*** Information ***

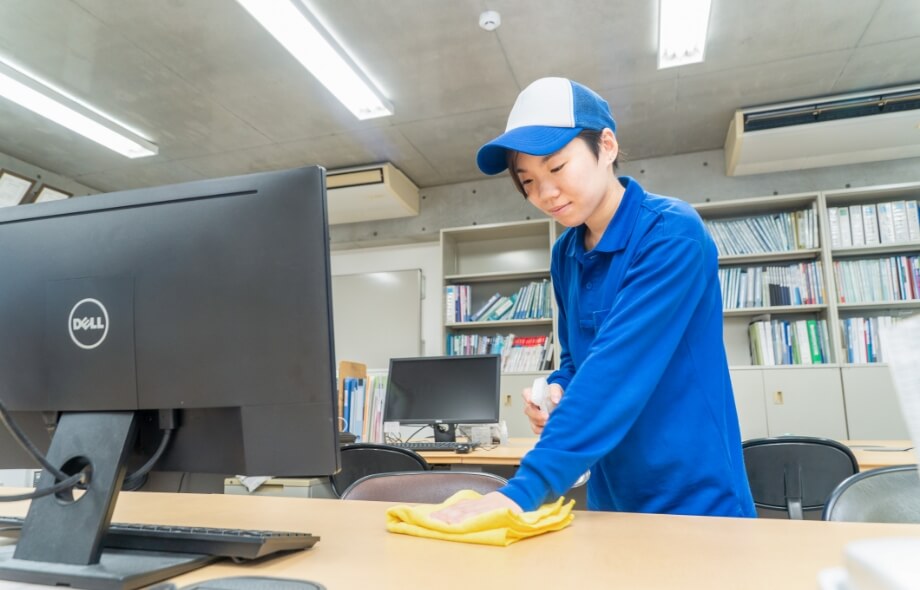床面やカーペット、ガラス、エアコン、排水管、貯水槽、ダクトなど、建物の設備や環境を対象とした清掃です。専用の機材と技術を用い、衛生的で快適な空間を維持するとともに、建物や設備の寿命を延ばし、利用者に安心できる環境を提供します。
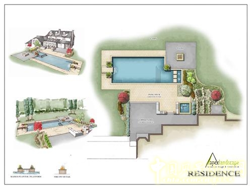 新的庭院設(shè)計(jì)包括游泳池頂端凸顯的黑色水池、圍繞游泳池的環(huán)行臺(tái)、石質(zhì)跳水臺(tái)、戶外廚房、餐飲區(qū)和燃?xì)饣馉t等,是和家人、朋友娛樂(lè)的真正消遣場(chǎng)所,給人舒心、閑適的感覺(jué)。
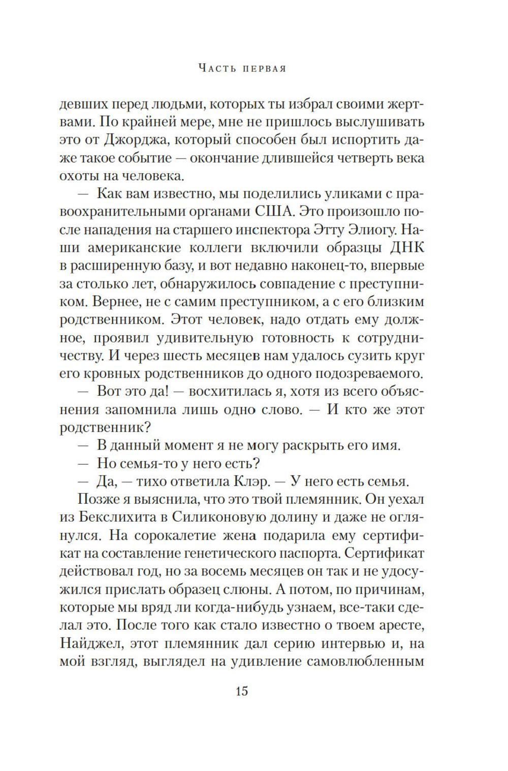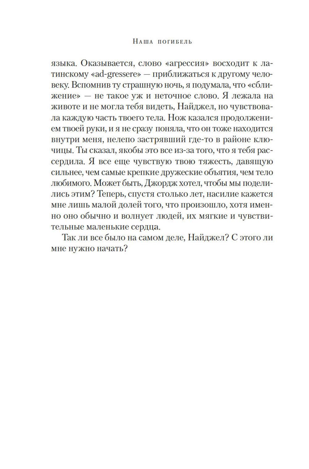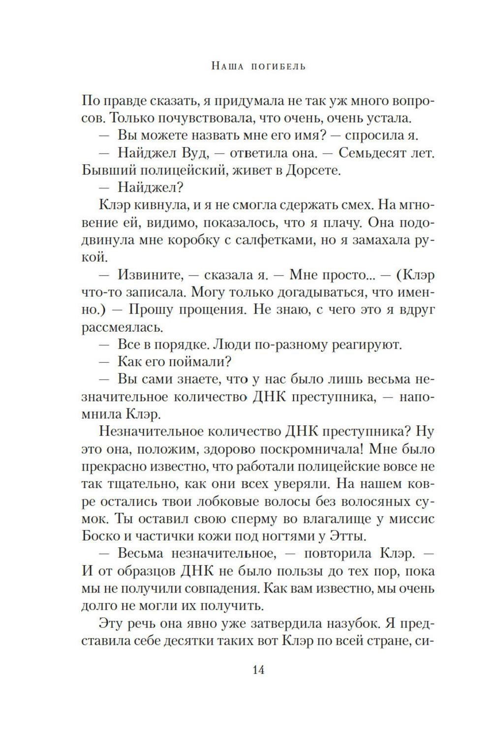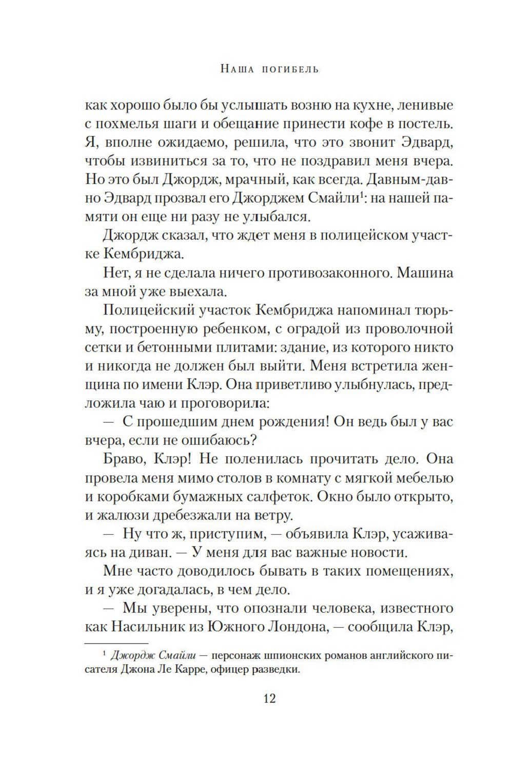 Маньяк внушал ужас всему Южному Лондону, проникая в дома к семейным парам. Спокойный сон стал роскошью. От каждой тени у двери, от каждой скрипнувшей половицы ладони покрывались липким потом: а вдруг сегодня наш черед? И однажды пришел черед Изабель и Эдварда. Обоим повезло: они остались живы. Но то, что связывало их, умерло. ЭТО ИСТОРИЯ О МОЛЧАНИИ Ту ночь они почти не обсуждают, но оба знают: тогда их брак дал трещину. Стыд, вина, невысказанные обиды и недомолвки превратили трещину в зияющую пропасть. Но вот преступник пойман, близится суд. Решатся ли Изабель и Эдвард открыто говорить о нападении перед столькими людьми, а главное - друг перед другом? ЭТО ИСТОРИЯ О ЛЮБВИ Готовясь выступить в суде, Изабель составляет подробные показания. И постепенно сквозь повествование, проникнутое ужасом и болью, проступает совсем другая история - история неидеальной, но подлинной любви, история жизни, полной ошибок, но стоящей каждого дня...| Издательство | Азбука |
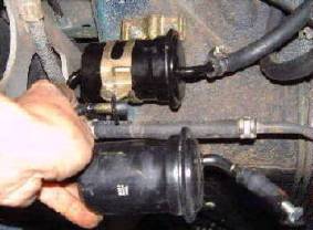 The replacement filter came with one cap missing. Not an issue, unless you're wishing to follow remaining instructions. I made a cap with a short hunk of line and fat screw. During the install, we will be switching one line at a time and replacing each cap to the old filter. The is no need to drain the lines, contaminated fuel is trapped inside the old filter, and with a small amount of dexterity, we will only lose a few drops of fuel. But, this will not work unless the fuel system is properly depressurized.
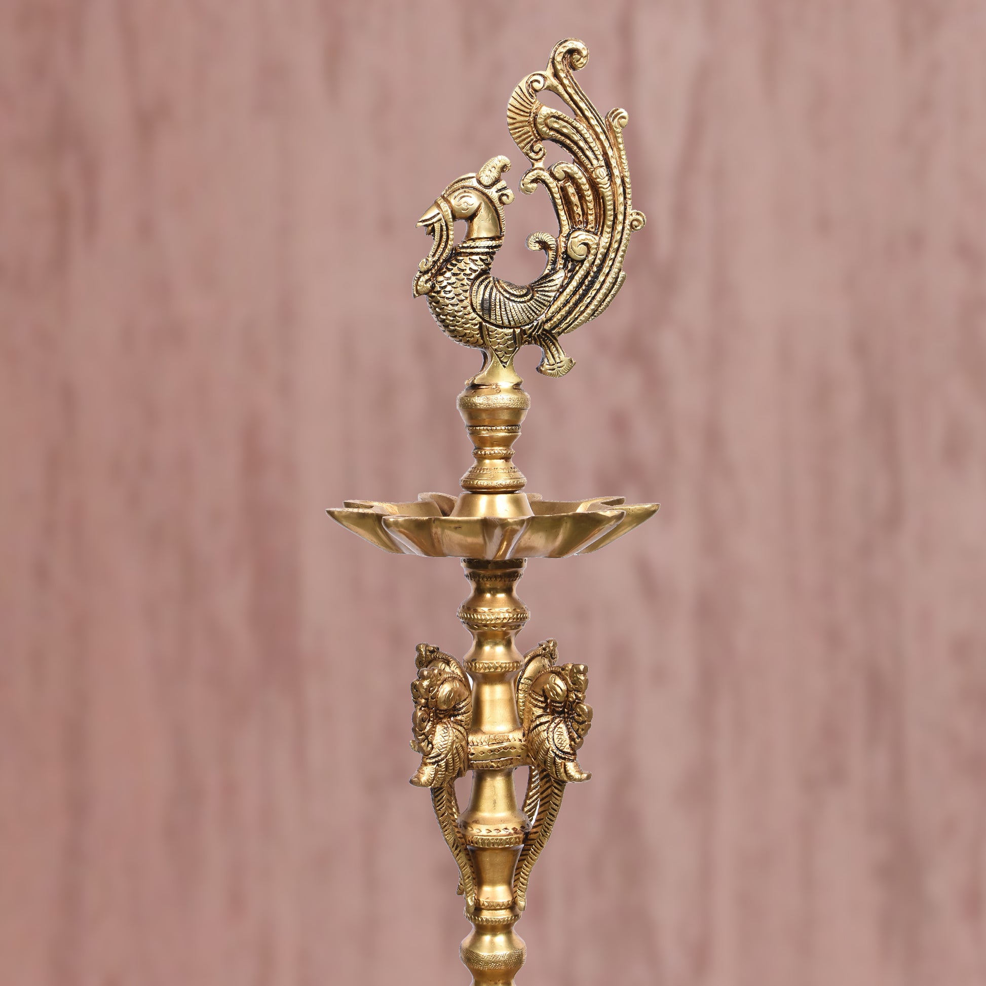 Light up your space with the timeless elegance of our 33-inch Peacock Oil Lamp. This stunning piece is more than just a lamp—it’s a work of art, inspired by the majestic beauty of the peacock.

*** End of Information ***

### Your assignment
All lines from the line with "The replacement filter" through the final line of the listing are to be printed exactly, both ends included; the pictures are not.

### Answer to the problem
 The replacement filter came with one cap missing. Not an issue, unless you're wishing to follow remaining instructions. I made a cap with a short hunk of line and fat screw. During the install, we will be switching one line at a time and replacing each cap to the old filter. The is no need to drain the lines, contaminated fuel is trapped inside the old filter, and with a small amount of dexterity, we will only lose a few drops of fuel. But, this will not work unless the fuel system is properly depressurized.
 Light up your space with the timeless elegance of our 33-inch Peacock Oil Lamp. This stunning piece is more than just a lamp—it’s a work of art, inspired by the majestic beauty of the peacock.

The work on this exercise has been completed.